Lotus 112
- Category: Formula One
- Constructor: Lotus
- Designer(s): Chris Murphy
- Predecessor: 109

Technical specifications
- Chassis: Carbon fibre and aluminium monocoque
- Suspension (front): Double wishbones, pushrod
- Suspension (rear): Double wishbones, pushrod
- Axle track: Front: 1,650 mm (65 in) Rear: 1,600 mm (63 in)
- Wheelbase: 2,950 mm (116 in)
- Engine: Mugen-Honda MF-351HC, 2,998 cc (182.9 cu in), V10, NA, mid-engine, longitudinally mounted
- Transmission: Lotus / Xtrac 6-speed semi-automatic
- Fuel: Mobil 1
- Tyres: Goodyear

Competition history
- Notable entrants: Team Lotus
| Races | Wins | Podiums | Poles | F/Laps |
| 0 | 0 | 0 | 0 | 0 |
- Constructors' Championships: 0
- Drivers' Championships: 0

= Lotus 112 =

The Lotus 112 was the proposed 1995 Formula One car of Team Lotus.

==Conception==

The Lotus 112 was Team Lotus' planned entry to the 1995 Formula One season. It was a stillborn project conceived by chief designer Chris Murphy throughout their final Formula One campaign in 1994. Originally the designation of Type 112 was to be for the model that became the Lotus Elise. However, that car was given type number 111 instead, in homage to the original Lotus Eleven.

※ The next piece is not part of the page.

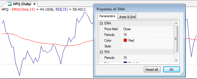 The indicator below allows you to check how the parameters work in the custom code. You can change settings from the Parameters dialog.

As a project little had been confirmed about the car’s final specification. It was rumoured that Lotus were intending to include the promising higher-spec Mugen-Honda ZA5D engine, which had shown great promise at its first outing during the 1994 Italian Grand Prix at Monza. However, in an attempt to reduce the costs associated with an exclusive engine deal Lotus may have had to use a Ford (Cosworth) unit.

Team Lotus were planning to retain their final 1994 driver line-up of Alessandro Zanardi and Mika Salo.

In appearance the 112 was broadly similar to other Chris Murphy-designed Lotuses. It incorporated a new and distinctive arrow nose and an unusual pushrod arrangement on the front suspension. Despite this radical departure, the car’s construction retained certain characteristic hallmarks. The tub would have been constructed from the traditional Lotus composite of carbon aluminium honeycomb, with the bodyshell being processed out of carbon fibre. A scale model for wind tunnel testing was produced which was later to be found in the aeronautical engineering department of City University. Wind tunnel tests were promising, with the car producing a lot more downforce compared to the 109. The 112 also passed the mandated FIA crash tests.

==Team Lotus demise==

On 17 January 1995 new owner David Hunt (younger brother of 1976 world champion James) was forced to close down Team Lotus in the face of crippling debt and lack of sponsorship for the forthcoming season.

The Lotus 112 therefore became the last Team Lotus type designation.

David Hunt effectively merged what was left of Team Lotus with Pacific Grand Prix with that team renamed Pacific Team Lotus for 1995. The season was unsuccessful with Pacific also going under at the end of the year.